Genesys CFO Sharon Virag on how to be the leader your team needs by adapting you communication style to the situation and the person.
Feeling confident in your leadership skills doesn’t happen overnight – it’s a challenge we all face as we grow in our careers and one that takes years of practice to truly own. For Sharon Virag, finding her voice cultivated the success of her twenty-year career in finance, including stints at Deloitte, General Motors, General Electric, and more.
Sharon, currently the Chief Accounting Officer (CAO) at Genesys, has found that there isn’t a cookie-cutter way to lead people. At the end of the day, it’s all about creating a space for others to grow.
We recently interviewed Sharon on our podcast, where she shared the steps she took to become the leader she is today.
The following are Sharon’s top four tips for up-and-coming leaders looking to find their voice.
One of the most valuable lessons Sharon learned early on in her career was the power of sharing her opinion.
It’s easy to want to go with the flow and not challenge the popular consensus, but Sharon says when you have an opinion that differs from the rest of the group – whether that group is your colleagues, the board, or shareholders – that’s when it’s most important to speak up.
It can be scary to disagree, but Sharon says using your voice is a necessary tool for any leader:
‘I’m going to not worry about being wrong.

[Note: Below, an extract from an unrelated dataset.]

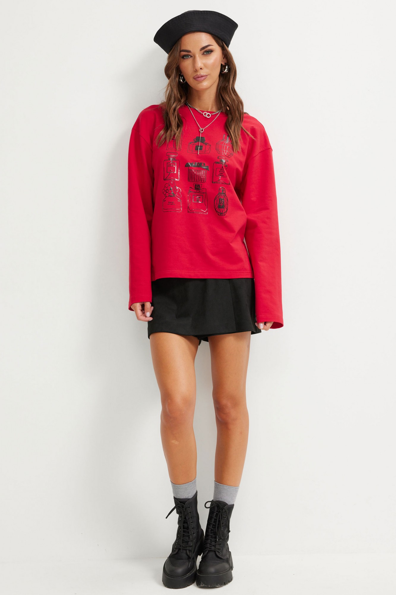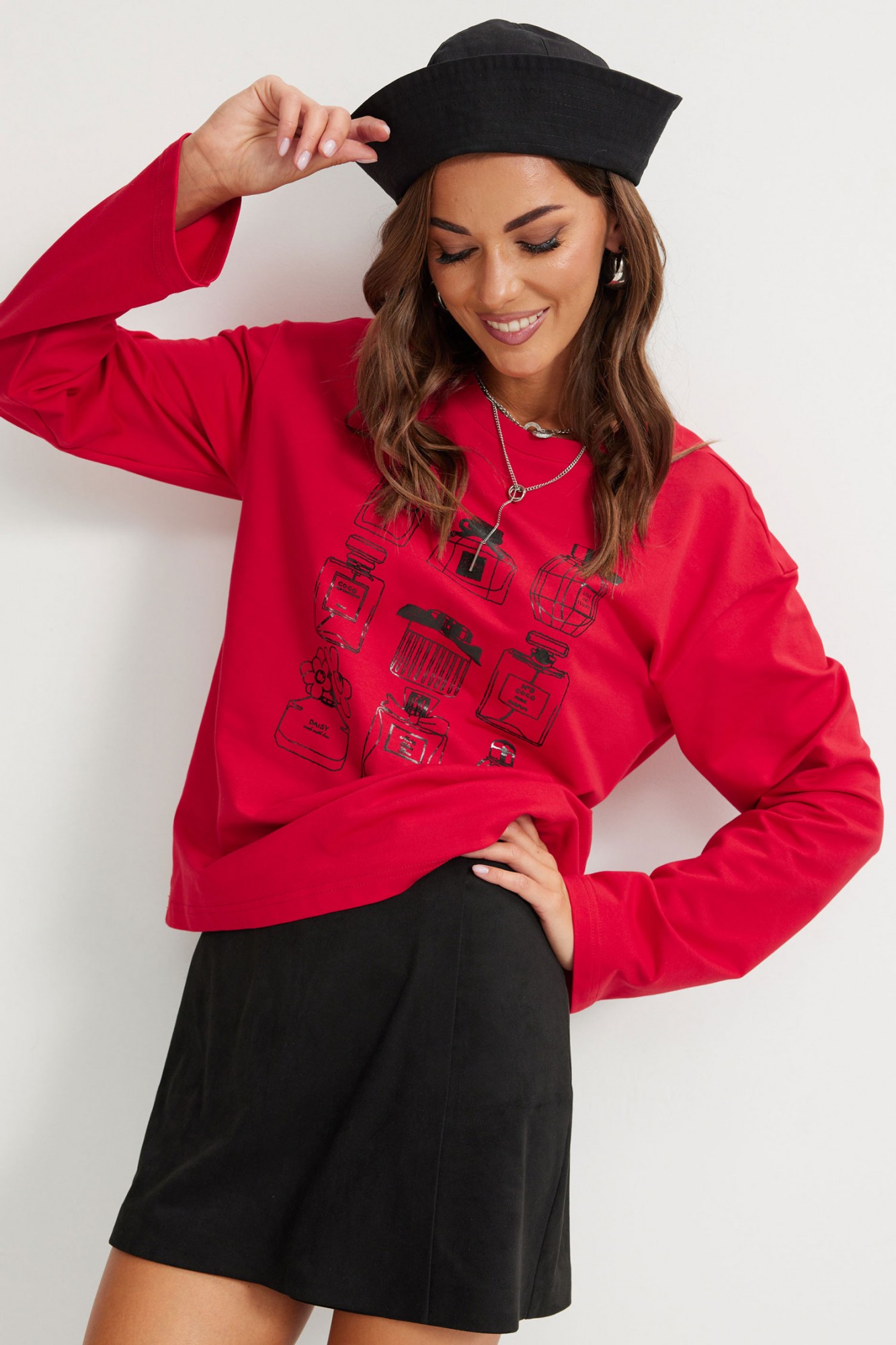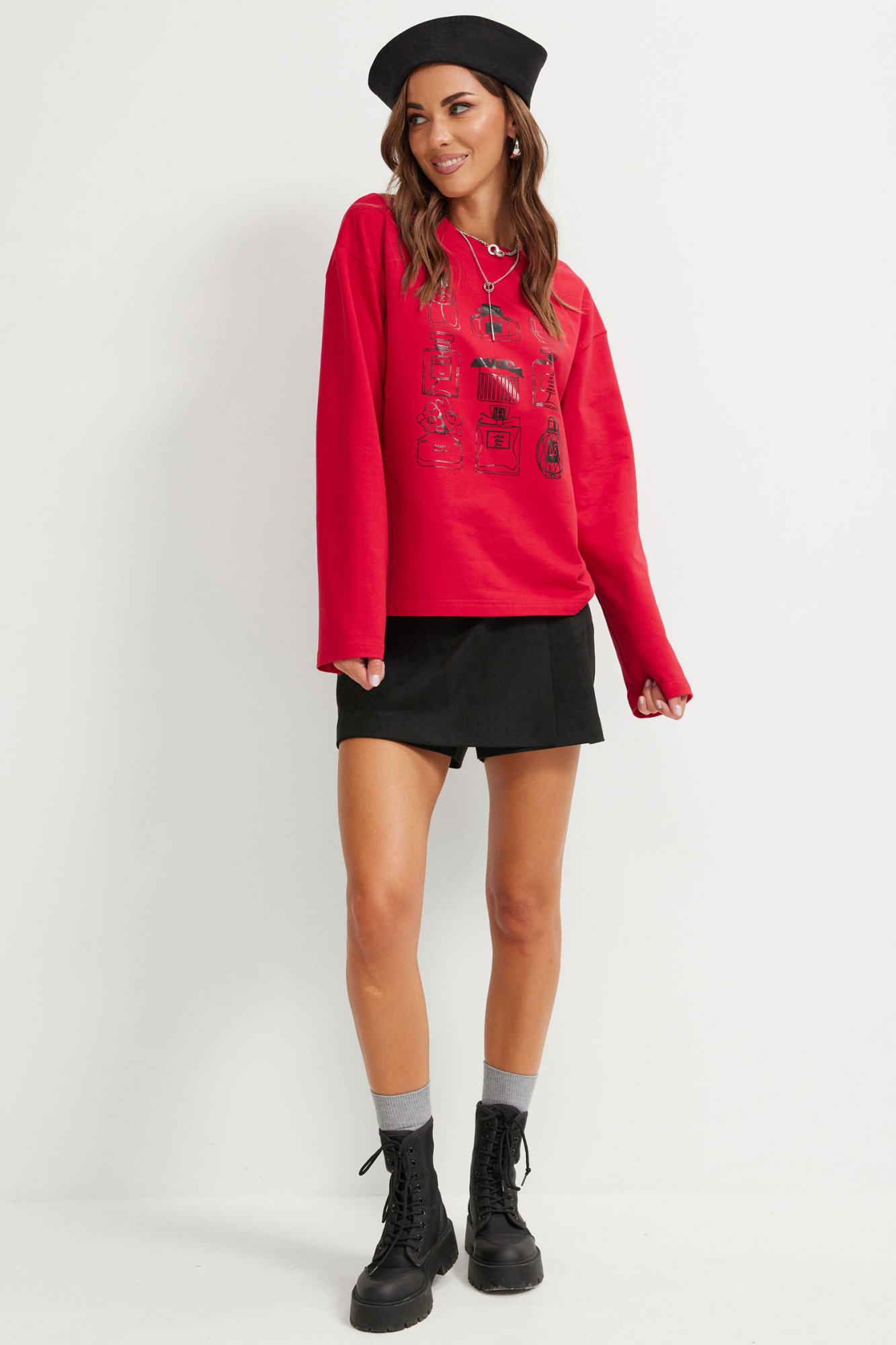 Стильный джемпер прямого силуэта из трикотажного полотна. Горловина округлая. Рукав втачной, удлиненный, расширенный к низу. По переду дизайнерская печать.
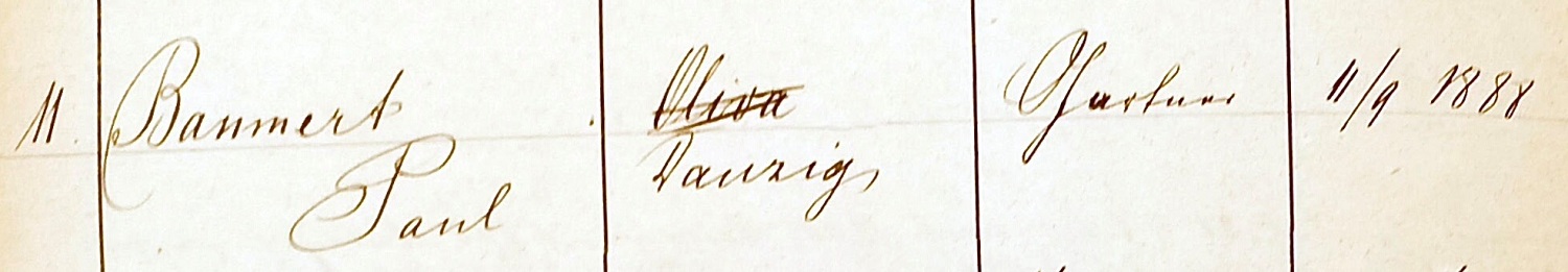 Paul Baumert. Baukonholle Oliva IXX. Wpis z 11. 09. 1888. Przekazała Grażyna Niemyjska.

I’m going to actually be willing to be wrong once in a while in order to move the ball forward’.
Whether you’re right or wrong, sharing your opinion helps further the discussion so the group can make a better-informed decision.
The stereotype of a traditional leader, Sharon says, often coincides with acting ‘like a man’ by being assertive, authoritative, and in control. But if you want to get the best out of your team members, you have to match your leadership style to each person’s personality type.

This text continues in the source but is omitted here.